1 cup sugar 1 teaspoon baking powder 2 3/4 cups, plus 2 tablespoons cups, all-purpose flour (or you can measure 3 cups and remove 2 tablespoons flour) 1/4 teaspoon cinnamon 1/8 teaspoon freshly grated nutmeg 1/4 teaspoon salt 1 cup (2 sticks) cold, unsalted butter 1 large egg 2 peaches, pitted and thinly sliced (between 1/8 and 1/4- inch thick)

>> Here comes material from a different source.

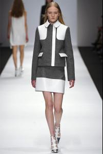 March 1, 2013 PARIS By Nicole Phelps The push/pull of masculine and feminine is shaping up to be one of this season's big stories. Vanessa Bruno cleverly inserted herself in the middle of the conversation today with a strong new collection. With its emphasis on sportswear, it seemed almost tailor-made for the U.S. market, where she announced she'll soon be opening her first permanent shop, in New York. Bruno started off with the boy stuff: Boxy pinstripe jackets and full, pleated pants matched with color-blocked shirts buttoned all the way up to their collars had a cool swagger. Same goes for the military-sharp coats, some with bold, rubberized stripes at the hems, which will be a hit in stores. Other outerwear evoked a sixties Courrèges feeling with contrast quilted leather shoulders and trim details, a mood that was echoed by skirts with oversize grommets decorating their hems. On the sweeter side of the designer's story, the spangled shift dresses—tunics, really—that closed the show were way too short. But girly has always been essential to the Bruno brand. She knows her way around a swingy little dress, and there were a couple in graphic blocks of black and white that looked great. Her pleated miniskirts, meanwhile, are another reason we'll be seeing lots of bare legs next fall. Source: style.com- Vanessa Bruno F/W 13.14 Paris

Brown your butter: Melt butter in a small/medium saucepan over medium-low heat. It will melt, then foam, then turn clear golden and finally start to turn brown and smell nutty. Stir frequently, scraping up any bits from the bottom as you do. Keep your eyes on it; it burns very quickly after it browns, especially the very second you turn around to do something else. Set it in the freezer until solid (about 30 minutes). Preheat the oven to 375-degrees Fahrenheit. Butter a 9×13-inch pan or spray it with a nonstick spray. In a medium bowl, stir together sugar, baking powder, flour, salt and spices with a whisk. Use a pastry blender, fork or your fingertips, blend the solidified brown butter and egg into the flour mixture. It will be crumbly. Pat 3/4 of the crumbs into the bottom of the prepared pan, pressing firmly. Tile peach slices over crumb base in a single layer. Scatter remaining crumbs evenly over peaches and bake in preheated oven for 30 minutes, until top is slightly brown and you can see a little color around the edges. Cool completely in pan before cutting into squares.